Available data —
━━━━━━━━

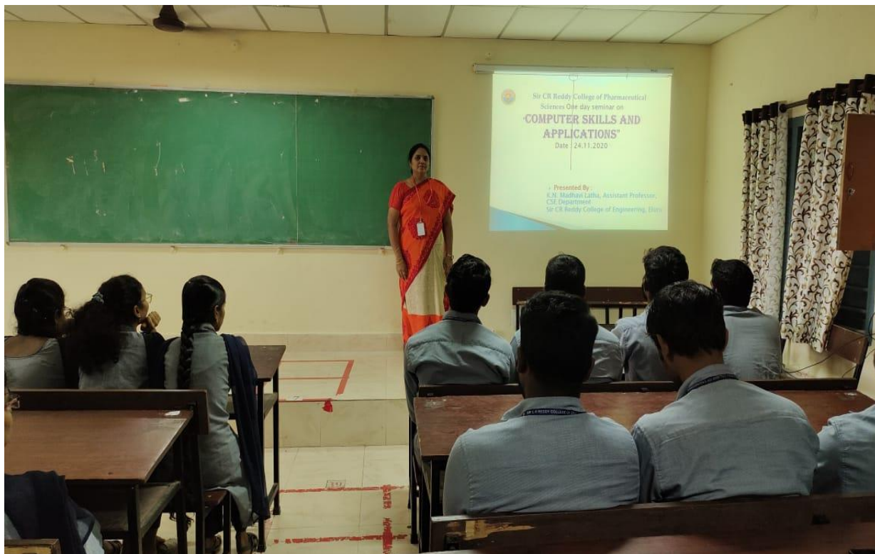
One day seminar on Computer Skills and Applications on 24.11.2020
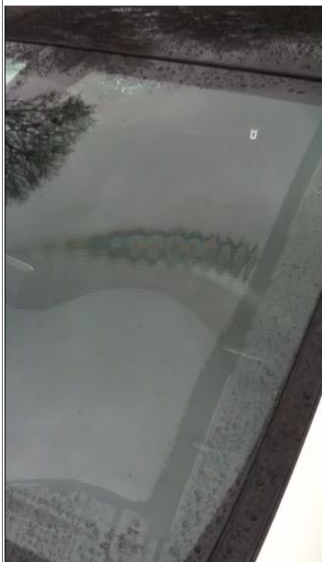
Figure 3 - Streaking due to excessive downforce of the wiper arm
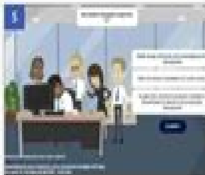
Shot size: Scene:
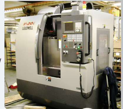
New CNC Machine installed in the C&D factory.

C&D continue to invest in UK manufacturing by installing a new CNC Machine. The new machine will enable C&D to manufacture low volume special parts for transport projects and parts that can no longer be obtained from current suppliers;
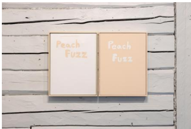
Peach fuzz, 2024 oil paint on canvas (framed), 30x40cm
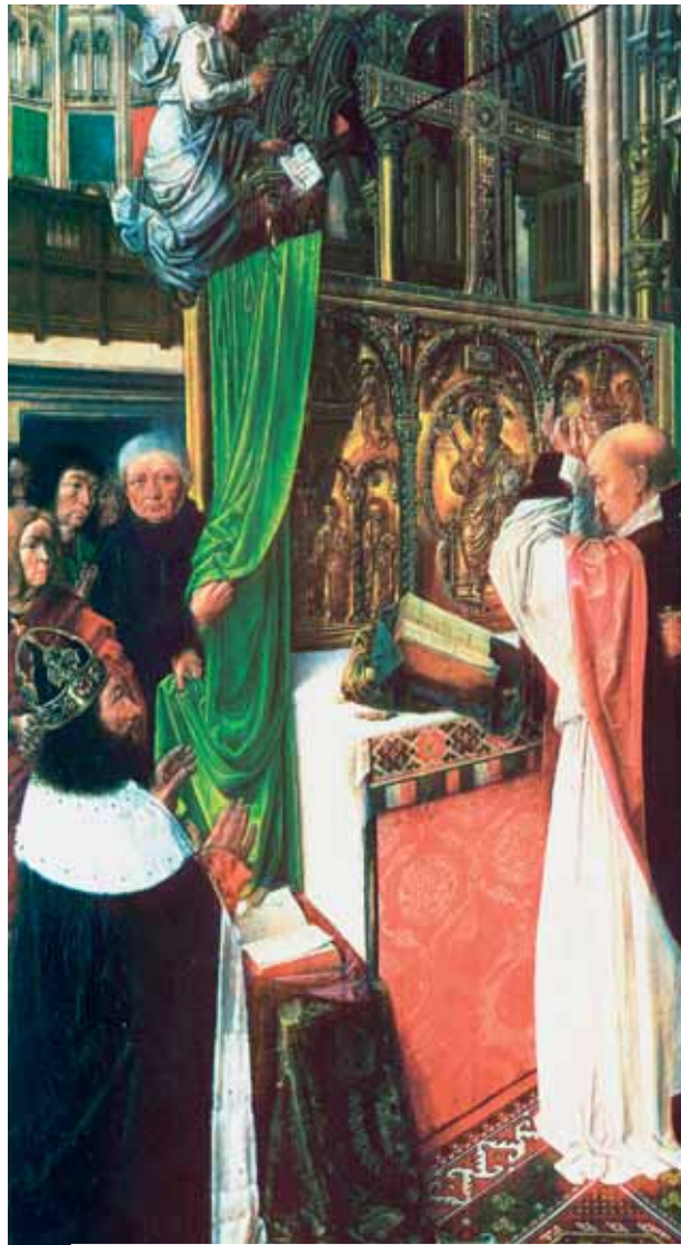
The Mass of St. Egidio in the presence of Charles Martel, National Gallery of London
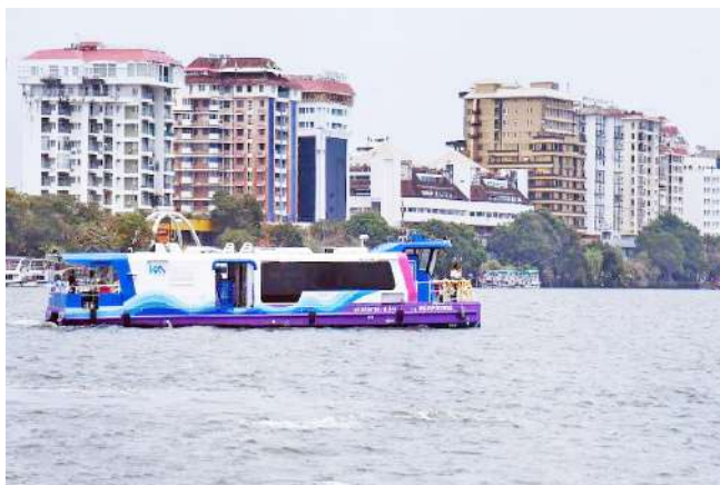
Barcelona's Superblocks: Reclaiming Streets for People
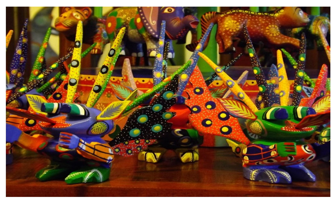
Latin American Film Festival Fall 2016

━━━━━━━━

To do — Reproduce the lines above, exactly and exclusively, from the line containing "Peach fuzz, 2024" down to the last line, both included; pictures are not part of the copy.

Response box —
Peach fuzz, 2024 oil paint on canvas (framed), 30x40cm
The Mass of St. Egidio in the presence of Charles Martel, National Gallery of London
Barcelona's Superblocks: Reclaiming Streets for People
Latin American Film Festival Fall 2016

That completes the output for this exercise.